Displayed samples of packets of cigarettes. Photo/PHOEBE OKALL

British American Tobacco subsidiary BAT (U) had its gross revenue grow by eight percent last year, the company says in its audited statement for the year ended December 31, 2017.

The eight percent growth meant that gross revenue rose to Shs149.7b from Shs138.4b in 2016 and, according to the financial statement, the rise was a result of increase in the prices of tobacco products in the second half of 2017.

The company also reports that profit after tax rose by 55 percent to Shs12.08b in 2017 from Shs7.8b in 2016. The company attributes the increase to price increases and lower operating costs.
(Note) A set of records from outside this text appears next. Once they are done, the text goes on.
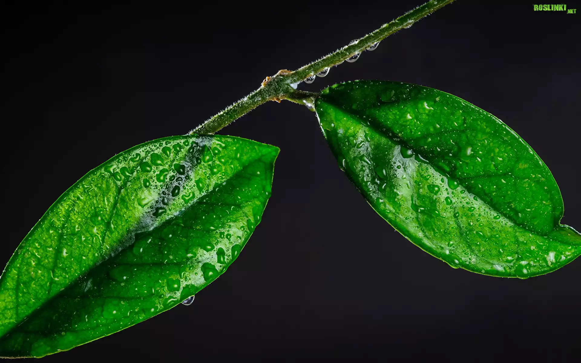 Dwa, Zielone, Liście, Krople, Ciemne Tło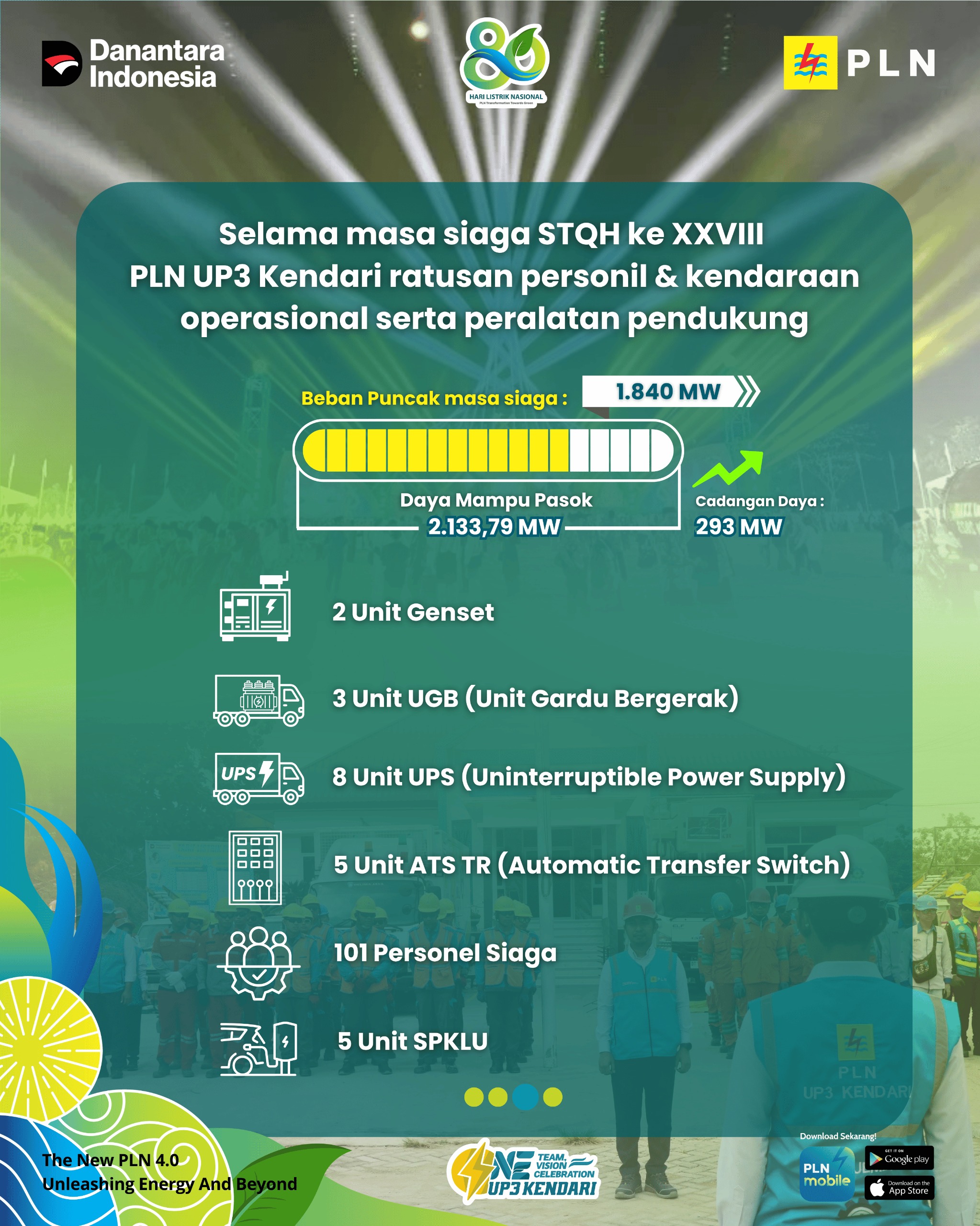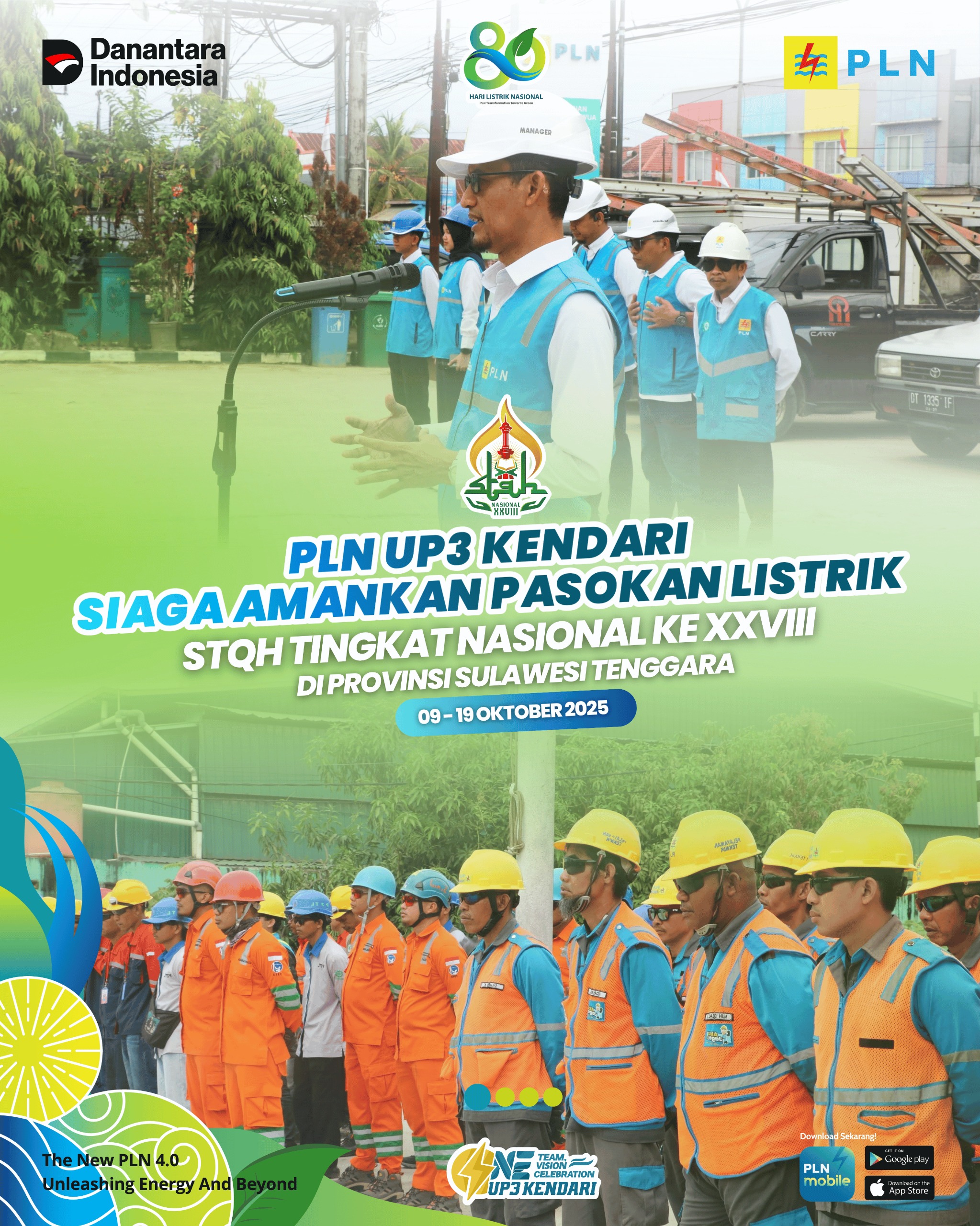 KENDARI, INDEKS.co.id | 06 Oktober 2025 – Dalam rangka mendukung suksesnya pelaksanaan Seleksi Tilawatil Qur’an dan Hadits (STQH) Tingkat Nasional XXVIII Tahun 2025 yang digelar di Provinsi Sulawesi Tenggara, PLN UP3 Kendari menyiapkan strategi pengamanan pasokan listrik secara maksimal.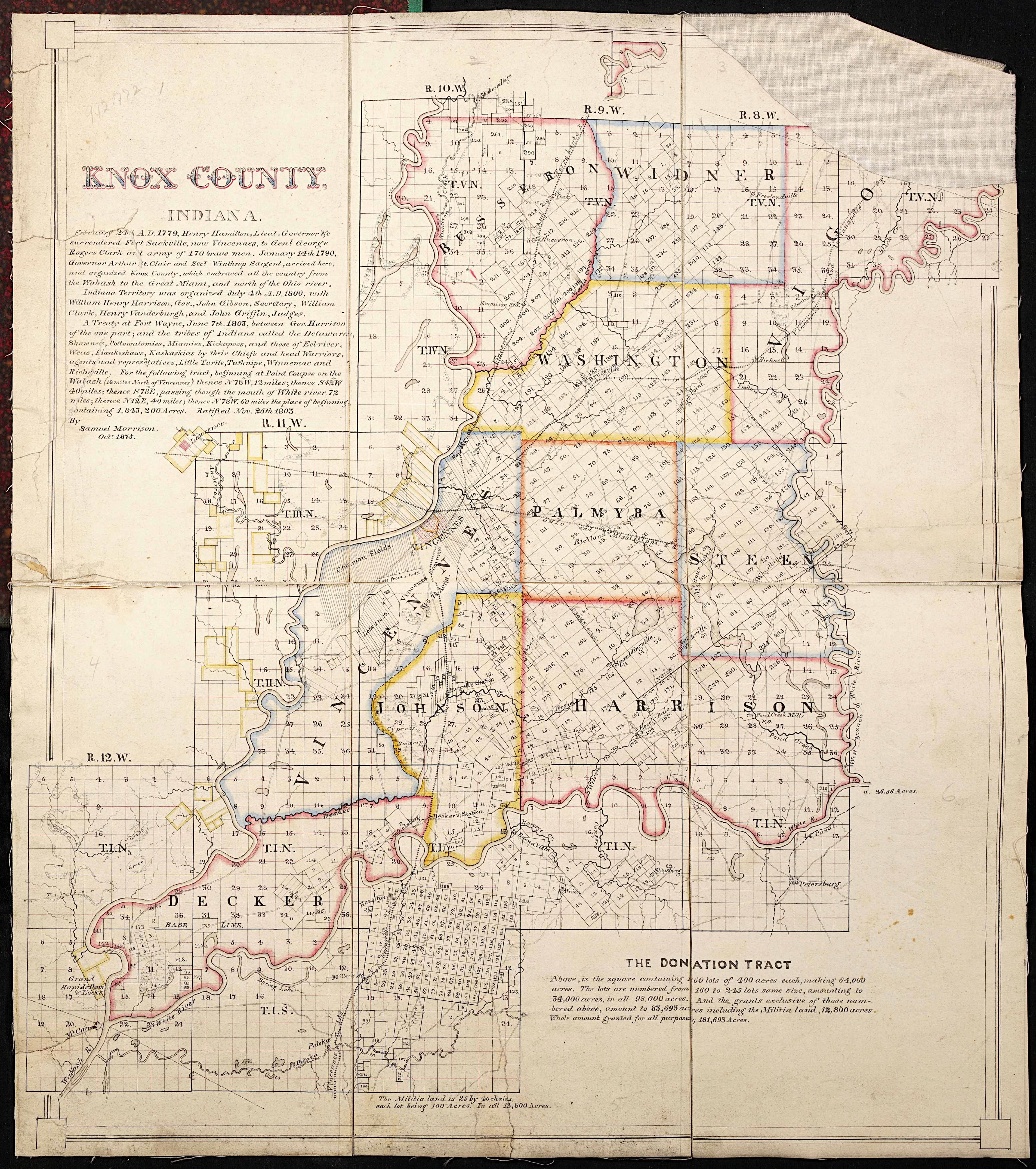 1790년, 노스웨스트 준주비서인 윈스럽 사전트가 녹스군 (인디애나주)을 조직했는데, 이는 노스웨스트 준주에서 네 번째로 조직된 군이었다.[3] 군의 이름은 미국 독립 전쟁 영웅이자 초대 미국 전쟁부 장관을 역임한 헨리 녹스 소장의 이름을 따서 명명되었다.[3] 인디애나 준주가 설립되기 전, 녹스군은 북쪽으로 캐나다까지 뻗어 있었으며, 현재의 인디애나주, 미시간주, 일리노이주, 오하이오주의 전체 또는 일부를 포함했다.[3] 1809년 일리노이 준주가 설립되면서 와바시 강 너머의 녹스군 지역은 세인트클레어군이 되었다.[3]

“Operating margin improved significantly from 17.2 percent to 25.5 percent during the year the year, reflecting growth in profitability and lower operating costs,” the financial statement signed on February 14 by the Company Secretary Nicholas Ecimu says.

Meanwhile, the Board of Directors has recommended a final of Shs246 per share to be presented for approval at the Annual General Meeting in May 2018. “If approved, the dividend which is subject to withholding tax will be paid to shareholders on June 21, 2018.

The company however says that the enactment of the Excise Duty (Amendment) Act 2017 caused challenges presented by different rates for locally manufactured products and those products imported from East Africa Community member states.

‘The steep and discriminatory excise increase has not only given our competitors an unfair advantage over our products, but threatens our viability by rendering our products uncompetitive’, the company indicates.